Cathy Gibault is a veterinarian who has worked for more than 15 years in zoos on conservation programmes for threatened species. Since 2014, she has been contributing to the improvement of knowledge about the Crau Plain Grasshopper. Today she is coordinator of the Crau Plain Grasshopper breeding programme set up as part of the Life SOS Crau Grasshopper Project. We give her the floor:
© Cathy Gibault

For the past 8 years, I have been working with the Conservatoire d’espaces naturels de Provence-Alpes-Côte d’Azur as a conservation biologist for the Crau Plain Grasshopper. Today, I coordinate both ex situ and in situ breeding. There are now 3 ex situ breeding stations (the Barben animal park, the Besançon zoological park and my station in Corrèze), and 2 in situ breeding stations. The aim is to improve the success of captive breeding by increasing the number of hatchlings and the survival rate of young grasshoppers. In the long term, this should enable us to increase the population of Crau Plain Grasshopper by reintroducing individuals into the natural environment.

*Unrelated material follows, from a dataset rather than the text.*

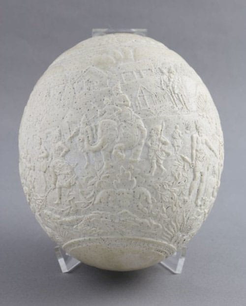 Ebenso wie über das Verhalten des Vogels staunte man über dessen riesige Eier (Abb. 4). Zum Vergleich: Während ein Hühnerei ca. 60 g wiegt, bringt ein Straußenei 1,3 kg auf die Waage. Der Inhalt eines Straußeneis entspricht 24 Hühnereiern. In freier Wildbahn legen Weibchen in einer Brutgemeinschaft, die aus einem Hahn und mehreren Hennen besteht, im Zeitraum zwischen März und Juli ca. 12–15 Eier. Wie bereits Plinius mitteilte, verarbeitete man die Eierschalen oft zu Kunstwerken und Gebrauchsgegenständen. Die 2–3 mm dicke Schale lässt sich aufwendig schnitzen oder gravieren (Abb. 5 und 6). Das Ei wurde gerne auch gefasst und zu Pokalen verarbeitet, die dann als begehrte Schaustücke in Kunst- und Wunderkammern Eingang fanden. Ebenso wie über das Verhalten des Vogels staunte man über dessen riesige Eier (Abb. 4). Zum Vergleich: Während ein Hühnerei ca. 60 g wiegt, bringt ein Straußenei 1,3 kg auf die Waage. Der Inhalt eines Straußeneis entspricht 24 Hühnereiern. In freier Wildbahn legen Weibchen in einer Brutgemeinschaft, die aus einem Hahn und mehreren Hennen besteht, im Zeitraum zwischen März und Juli ca. 12–15 Eier. Wie bereits Plinius mitteilte, verarbeitete man die Eierschalen oft zu Kunstwerken und Gebrauchsgegenständen. Die 2–3 mm dicke Schale lässt sich aufwendig schnitzen oder gravieren (Abb. 5 und 6). Das Ei wurde gerne auch gefasst und zu Pokalen verarbeitet, die dann als begehrte Schaustücke in Kunst- und Wunderkammern Eingang fanden.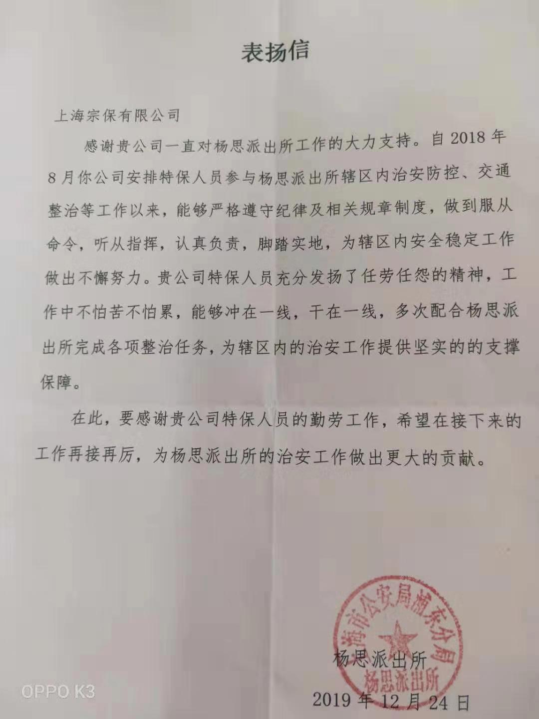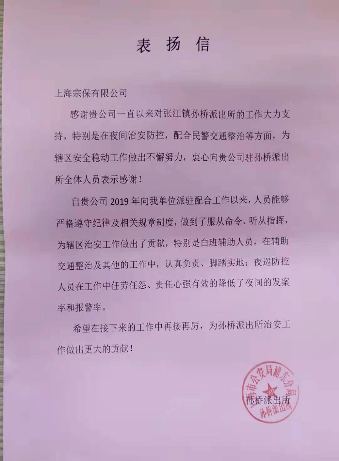 12月23日,上海宗保公司收到一封來自浦東公安分局孫橋派出所的表揚(yáng)信,對公司駐該所輔警項(xiàng)目隊(duì)伍全年工作表示肯定和感謝,希望再接再厲,做出更大貢獻(xiàn)。

Year after year, we learn more about the Crau Plain Grasshopper. The species is very specialised. If it is only found in the Crau, it is not by chance. It is totally adapted to this environment, which is also very particular. As a result, it is difficult to decipher the conditions necessary for its development, to carry out its complete development cycle and to reproduce them in an artificial way.
The experimentation time is short. We can only observe the locusts for three or four months, because the life span of the Crau Plain Grasshopper is short. As a result, we can have the feeling that we are not making any progress very quickly, but we are nevertheless accumulating knowledge as we go along. In particular, observing the behaviour of grasshoppers in a terrarium teaches us a great deal. It fascinates me.
One of the puzzles that still needs to be solved is that we don’t know exactly how females lay their eggs in their natural environment and what conditions are necessary for the eggs to develop properly. We don’t know how they choose their egg-laying site, or how they deposit the egg pod in the ground.
The Crau Plain Grasshopper is the first insect species in the world to have benefited from a conservation strategy developed according to IUCN standards. While the massive and rapid decline of insects is recognised by all, the vast majority of conservation programmes concern mainly mammals and birds.
Do you have a message for people who don’t know the Crau Plain Grasshopper?
In a more general way, be interested in the small animals around us, not only mammals and birds, which are more visible, more attractive, more interesting, more emotional. All the little creatures around us have a role. Even if sometimes it is less spectacular.
The Crau Plain Grasshopper plays its role in the Crau ecosystem, and it is up to us to preserve it.